The chief criticism is that the new guidance raises the standards for accusations across the board and imposes unjust requirements on victims.
For instance, victims will now have to face their attackers in a situation similar to open court, and schools will effectively be forced to raise evidentiary standards from a “preponderance of the evidence” to “clear and convincing evidence.”
The rule “requires schools to select one of two standards of evidence, the preponderance of the evidence standard or the clear and convincing evidence standard — and to apply the selected standard evenly to proceedings for all students and employees, including faculty,” according to a DOE press release.
This change was inserted with the broadly understood knowledge that most schools will not choose to lower the “clear and convincing” bar already in place for resolving other types of campus disputes, because faculty and staff generally favor the highest possible standards for those allegations.
DeVos also effectively removed the Bush and Obama administrations’ non-compulsory “soft ban” on mediation in cases of alleged sexual violence.
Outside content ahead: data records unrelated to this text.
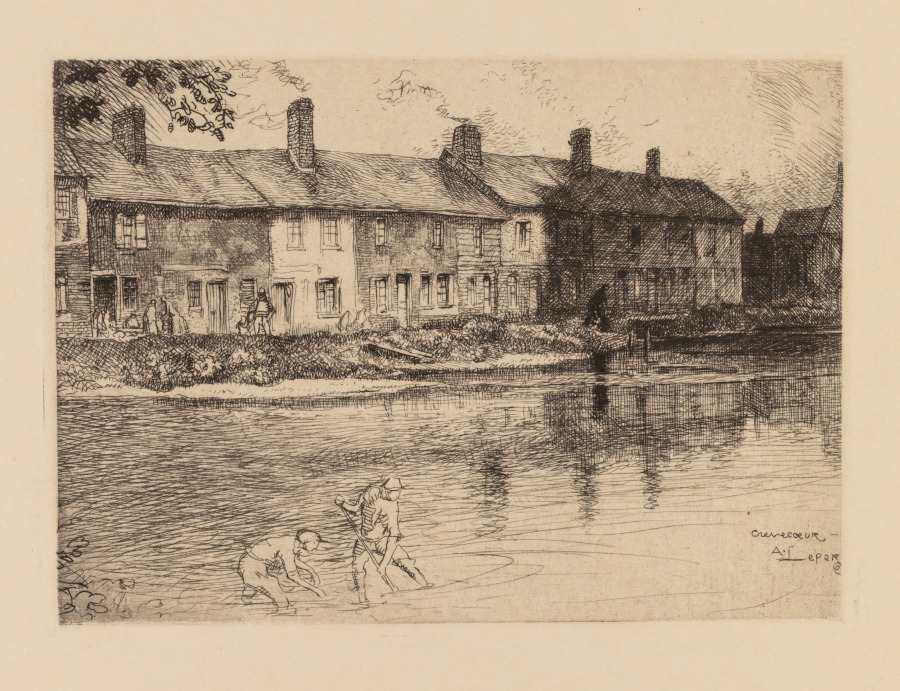 This etching by Auguste Louis Lepère depicts a pastoral pond scene in the Picardie region of France, showcasing the artist's skillful use of line work to capture the quiet beauty of rural landscape. Lepère, a master printmaker of the late 19th century, employs the etching medium to render atmospheric effects and naturalistic detail through carefully controlled plate marks and tonal variations. The work is part of a bound portfolio containing seven etchings, demonstrating Lepère's commitment to creating cohesive series that explore the French countryside.
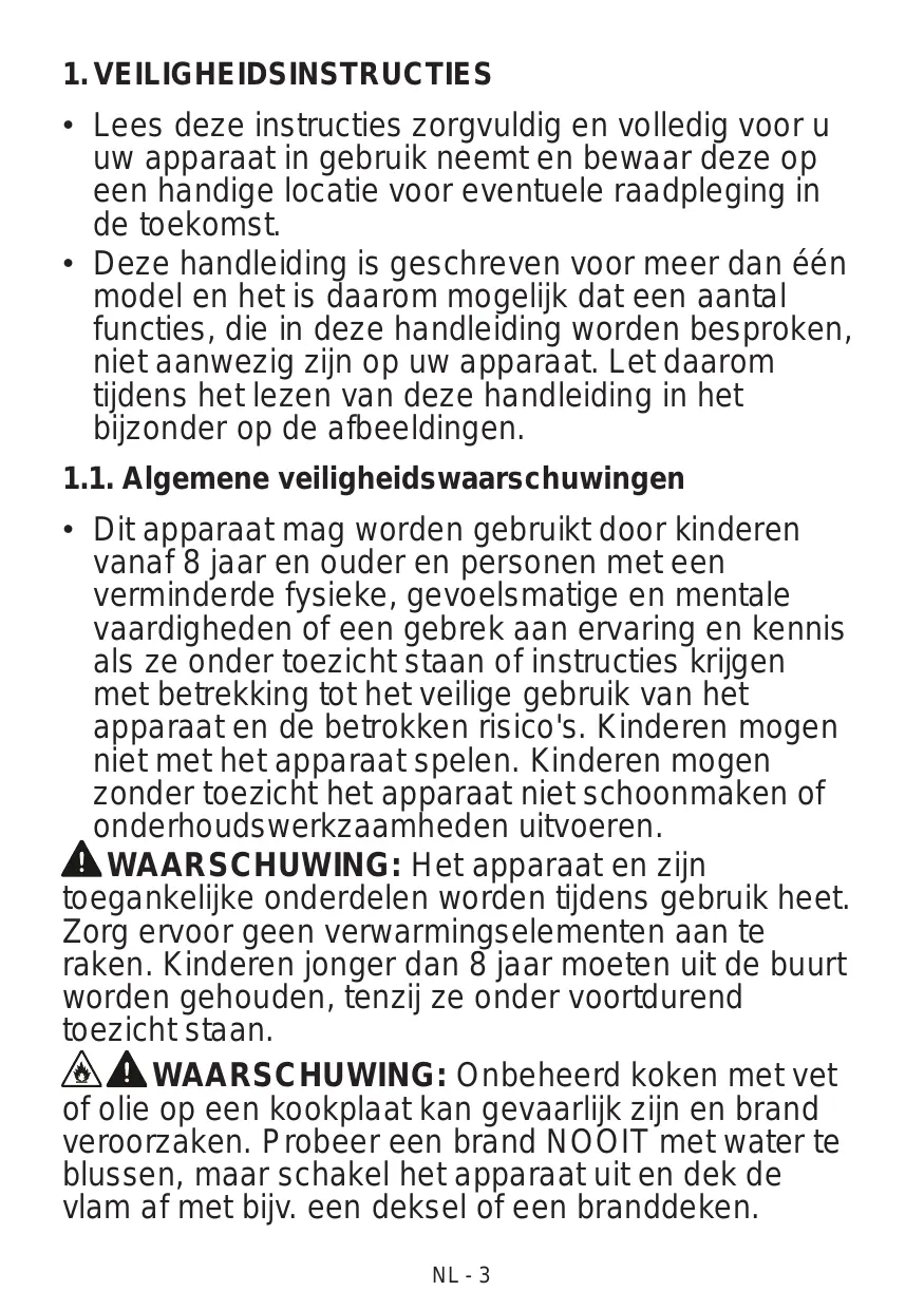 AMISE EN GARDE : Laisser cuire des aliments sans surveillance sur une table de cuisson en utilisant des matières grasses ou de l'huile peut être dangereux et déclencher un incendie. NE J AMAIS essayer d'éteindre un incendie avec de l'eau, mais arrêter l'appareil puis couvrir les flammes par exemple avec un couvercle ou une couverture anti-feu.
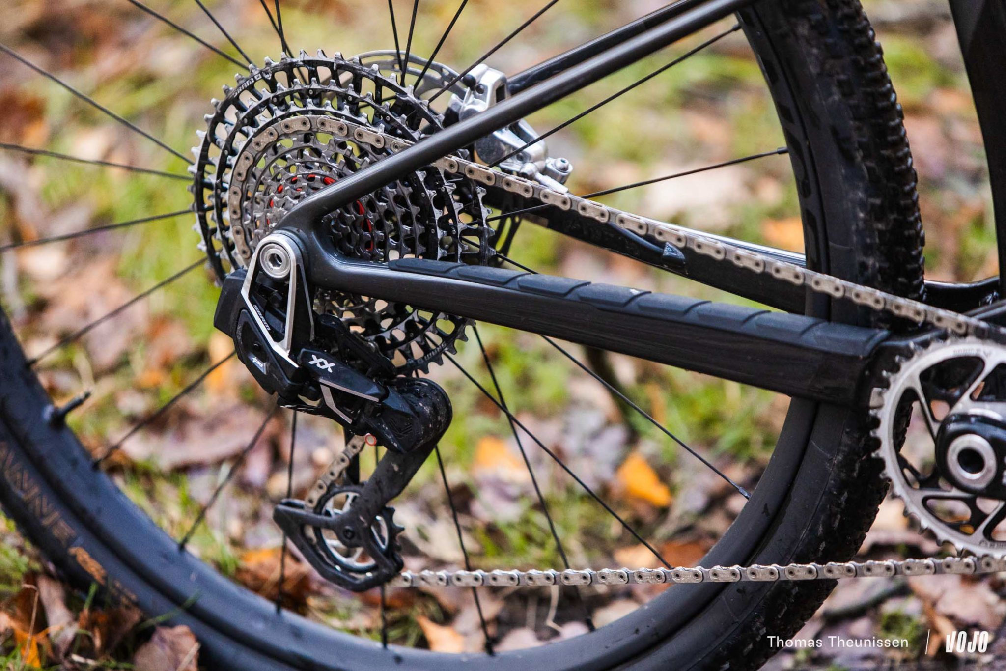 C’est Sram qui est aux commandes du côté de la transmission et du freinage. On retrouve ainsi un excellent groupe Sram XX SL T-Type, dont notre test est à retrouver juste ici : Test | Sram Eagle AXS 2023 : sans égal.
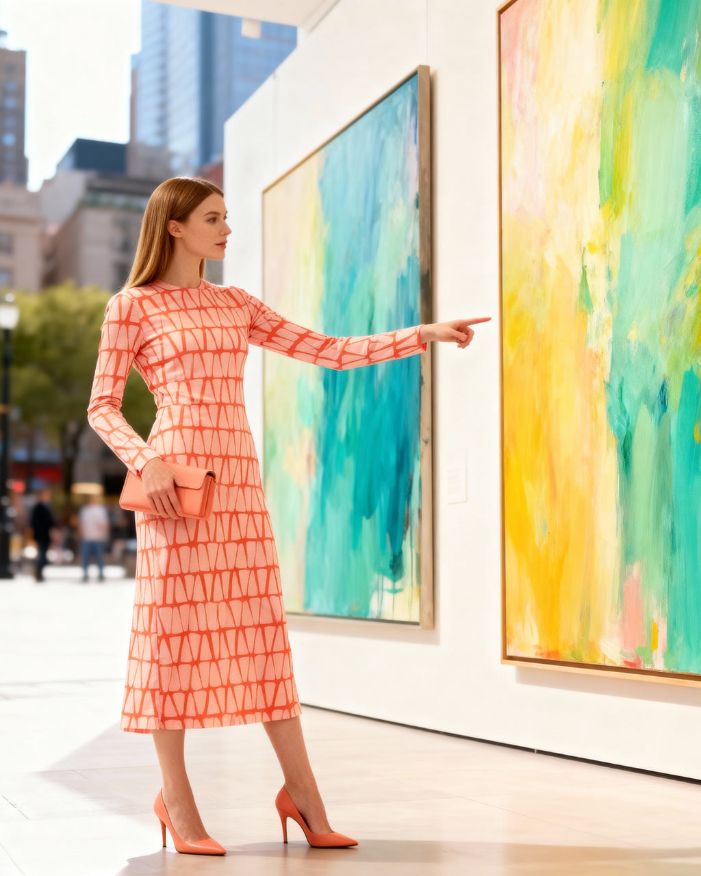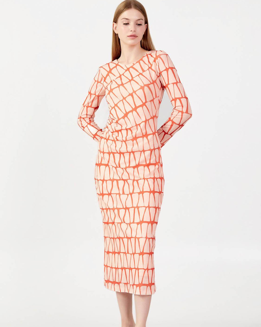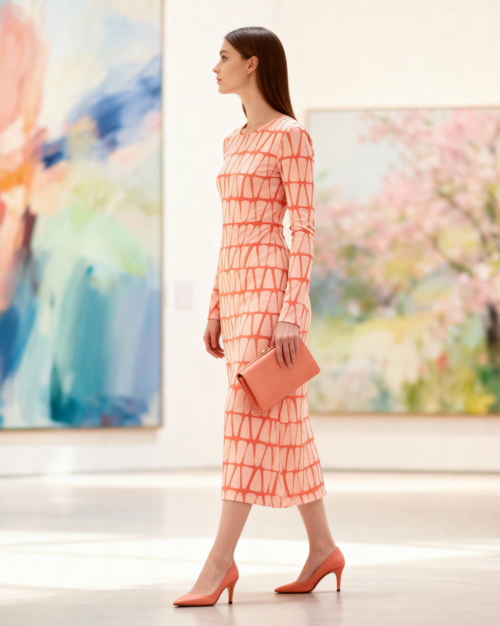 Step into effortless sophistication with this pretty coral geometric midi dress featuring a straight cut silhouette and slightly gathered detailing for a touch of feminine elegance. The long sleeves and art-inspired geometric pattern make it a timeless piece that flatters your figure while adding a modern, confident edge.

Administrators would once again be allowed to pressure accusers into the mediation process, which critics say minimizes their experience and requires victims to face and forgive their attackers.
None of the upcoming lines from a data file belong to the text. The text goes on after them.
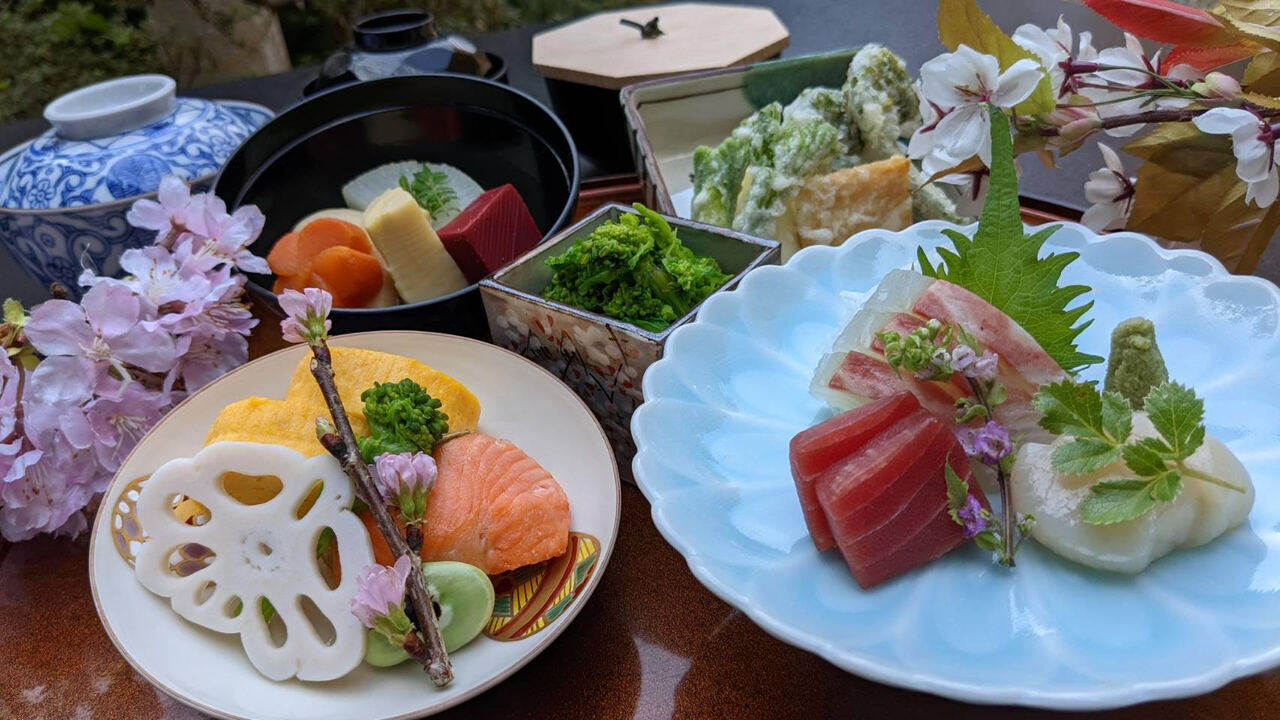 先付け、お造り、焼物八寸、焚き合わせ、酢物、天ぷら、鰆の桜蒸し、ご飯、止椀、香の物
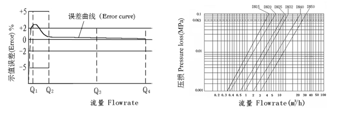 從分界流量到過載流量為:水溫≤30℃時(shí)為±2%,水溫>30℃且≤90℃時(shí)為±3% ; 從最小流量到分界流量(不包括分界流量)為±5%.
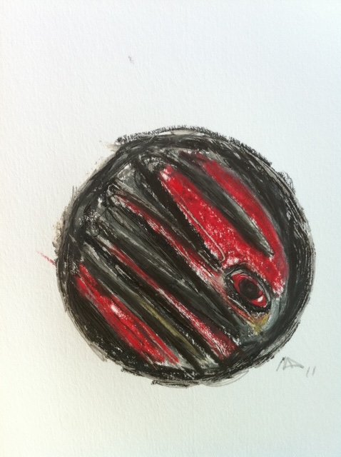 RED, 10X10" framed, oil pastel, graphite, colored pencil on paper, 2011
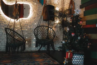 Интерьер выполнен в итальянском стиле Мемфис.
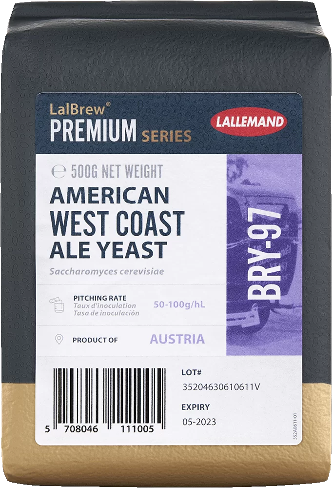 LalBrew BRY-97™ is an American West Coast-style ale yeast that was selected from the Siebel Institute Culture Collection for its ability to produce clean fermentations for high quality ales. LalBrew BRY-97™ is a neutral and highly attenuating strain with a high flocculation ability that can be used to make a wide variety of American-style beers. Through expression of a β-glucosidase enzyme, LalBrew BRY-97™ can promote hop biotransformation and accentuate hop flavor and aroma. Traditional ales made with LalBrew BRY-97™ include but are certainly not limited to American Pale Ale, American Amber, American Brown, American IPA, Imperial IPA, American Stout, Cream Ale, American Wheat, Scotch Ale, Russian Imperial Stout, Roggen/Rye, Old Ale and American Barleywine.
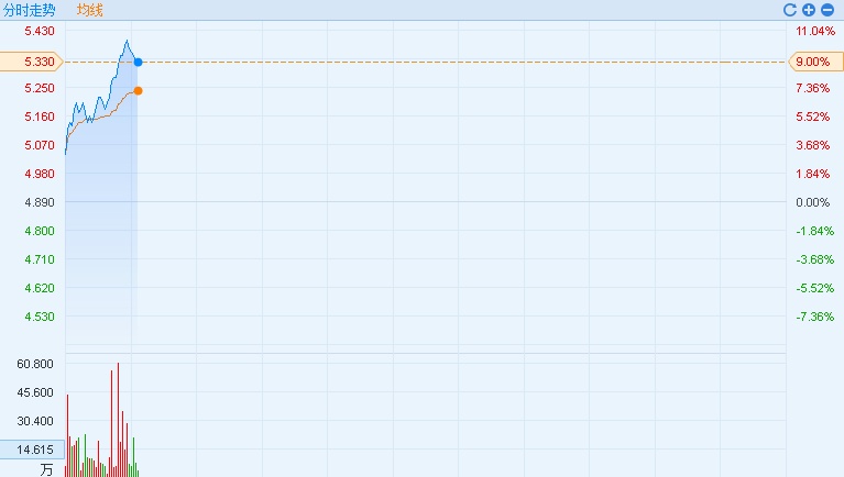 截至10时00分,涨9.41%,报价5.35港元,成交额2933万 。
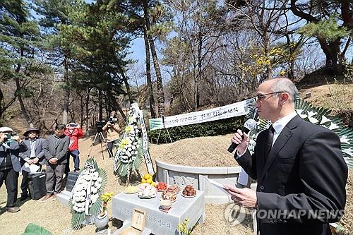 【ソウル聯合ニュース】日本による植民地時代に朝鮮半島の緑化と文化保存に尽力した日本人、浅川巧(1891~1931年)の没後93年の追悼式が2日、韓国・ソウルの公共墓地、忘憂里公園墓地で執り行われた。
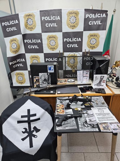 Foi apreendido farto material de apologia ao nazismo e ao fascismo, como símbolos, literatura nazista, celulares, equipamentos eletrônicos, uma garrucha, simulacros de arma de fogo e munições de diversos calibres.

Schools often prefer the mediation process, which is less time-consuming and does not require the same level of resources demanded by a full investigation. Mediation results are confidential, rather than public.
This rule also raises the bar for what constitutes harassment — it now must be an incident that denies access to education. At the same time, it narrows the definition of sexual harassment from “unwelcome conduct of a sexual nature” to the Supreme Court’s much more attenuated language: “unwelcome conduct on the basis of sex that is so severe, pervasive and objectively offensive that it denies a person access to the school’s education program or activity.”
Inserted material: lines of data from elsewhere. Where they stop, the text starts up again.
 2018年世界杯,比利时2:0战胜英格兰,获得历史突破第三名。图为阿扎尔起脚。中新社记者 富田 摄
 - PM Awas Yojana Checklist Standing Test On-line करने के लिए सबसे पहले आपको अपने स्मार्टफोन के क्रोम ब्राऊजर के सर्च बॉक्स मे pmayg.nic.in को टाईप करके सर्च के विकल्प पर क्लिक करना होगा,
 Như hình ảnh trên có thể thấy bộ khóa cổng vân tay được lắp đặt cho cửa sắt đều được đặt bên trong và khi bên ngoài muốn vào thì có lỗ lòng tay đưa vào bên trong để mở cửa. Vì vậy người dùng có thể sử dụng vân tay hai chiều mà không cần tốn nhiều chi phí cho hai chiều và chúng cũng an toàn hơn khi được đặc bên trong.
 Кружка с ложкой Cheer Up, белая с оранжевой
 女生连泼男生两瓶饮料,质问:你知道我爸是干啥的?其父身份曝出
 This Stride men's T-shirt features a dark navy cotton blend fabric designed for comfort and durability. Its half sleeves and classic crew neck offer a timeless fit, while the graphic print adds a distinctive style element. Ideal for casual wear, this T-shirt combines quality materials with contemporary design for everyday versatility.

Victim advocacy group Know Your Title IX said those overhauls will “force students to endure repeated and escalating levels of abuse without being able to ask their schools for help.”
The rule also reduces a school’s investigative responsibilities to on-campus incidents only and lifts the 60-day timeline for campus investigations, opening up the option to delay the adjudication process, perhaps indefinitely.
Schools that don’t comply with the new rules could lose federal funding.
The guidance seems at odds with Title IX-related legislation passed by Texas lawmakers earlier this year, the first in the nation to implement criminal liability for failure to “properly” report sexual misconduct involving a student to an appropriate Title IX coordinator.
This law was interpreted in opposite ways by different parties, so it passed with full bipartisan support. Victim advocates had lobbied for compulsory reporting, which backfired: Now, anyone employed by a college or university in Texas — all faculty and staff, including graduate assistants — must report all claims or knowledge they have of an incident or potentially be held criminally liable for negligence, punishable by up to a year in jail.
This also applies, however, to accounts a student offers in confidence, which could have a chilling effect on reports: Not only will the accusation get kicked up the chain, but students won’t be guaranteed any rights of privacy or anonymity. This might result in a short-term spike in accusations, but advocates believe that over time, fears about personal privacy and confidentiality are likely to reverse that trend.